Closed aliko-str closed 4 years ago
Thank you for the report. Please send me a complete example code, the data and what the expected correct output should be. This way I can debug the code faster. Regards, Michael
rmse = function(v1,v2){ return(sqrt(sum((v1-v2)^2)/length(v1))); } tstFr=read.table(file.path([DIR], "tstFr.txt"), header = T, sep="\t", stringsAsFactors = F); trM = as.matrix(read.table(file.path([DIR], "trM.txt"), header = T, sep="\t", stringsAsFactors = F)); trM.rrm = as(trM, "realRatingMatrix"); p <- list( method = "cosine", nn = 10, sample = FALSE, normalize="Z-score" ); rec <- Recommender(trM.rrm, method = "UBCF", parameter= p); pred = predict(rec, trM.rrm, type="ratingMatrix"); predTestFr = merge(tstFr, as(pred, "data.frame"), by.x = c("uid", "iid"), by.y = c("user", "item")); rmse(predTestFr$rt, predTestFr$rating); # returns 1.693067, should be 1.726648
Thank you for the helpful example. I have (hopefully) fixed the bug with the following changes to the code:
## similarity of the neighbors
s_uk <- sapply(1:nrow(sim), FUN=function(x)
sim[x, neighbors[,x]])
## calculate the weighted sum
ratings<- t(sapply(1:nrow(newdata), FUN=function(i) {
## neighbors ratings of active user i
r_neighbors <- as(model$data[neighbors[,i]], "dgCMatrix")

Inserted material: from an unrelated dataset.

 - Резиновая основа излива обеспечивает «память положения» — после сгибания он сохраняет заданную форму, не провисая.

## normalize by the sum of weights only if a rating is available
has_r_neighbors <- as(r_neighbors, "lgCMatrix")
drop(as(crossprod(r_neighbors, s_uk[,i]), "matrix"))/drop(as(crossprod(has_r_neighbors, s_uk[,i]), "matrix"))
}))
You can install the fixed version from GitHub. Please test and let me know if this resolves the bug. Regards, -Michael
The new code produces NAs for cases when the entire neighborhood for the active user has no data (i.e., all are NA). The previous version would produce 0 instead - which was basically the mean rating of the active user after de-normalization. I think this was a better approach then generating NAs in the output.

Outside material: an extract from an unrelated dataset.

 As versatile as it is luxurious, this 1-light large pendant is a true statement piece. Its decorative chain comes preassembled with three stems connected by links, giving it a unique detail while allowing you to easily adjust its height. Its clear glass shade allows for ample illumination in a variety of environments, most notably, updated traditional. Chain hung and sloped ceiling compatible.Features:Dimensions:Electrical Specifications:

I was thinking about that and lean more to the idea that if the algorithm cannot determine a valid rating then it should return NA. The main reasons are:
Maybe I should add a function that adds the users average rating if we don't know the rating?
Knowing how many times an algorithm failed may be of limited utility, though I wouldn't strongly argue against it in principle - some may need it.

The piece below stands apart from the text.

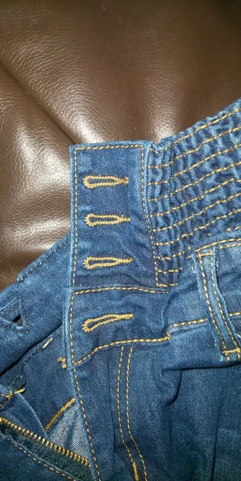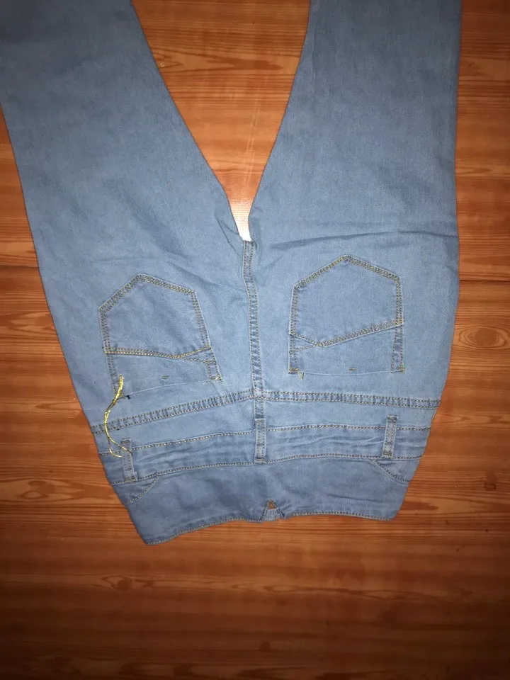 джинсы очень тонкие , на бедра 102 размер 33 болшеват' на жопе висят как будто растянулись . резинка на талии тоже слабая. попробую кому нибудь продать. кто покрупнее меня . качество на троечку и талия у меня тонкая но резинки растянуты и талию не облегают

Producing NAs may also bias performance estimates, particularly for real-world datasets that have more user-item ratings for popular items, and popular items often have above-average ratings. I'm not sure the bias will be normally distributed with mean=0, and if it isn't, we can't correct for it with bootstrapping and this becomes a problem.
There is also a somewhat philosophical question of why having 1 rating in a (potentially large) neighborhood should differ so drastically from having 0 ratings, but I guess it's a topic for those interested in Bayesian statistics, and we may want to avoid venturing there, since we are discussing the plain UBCF.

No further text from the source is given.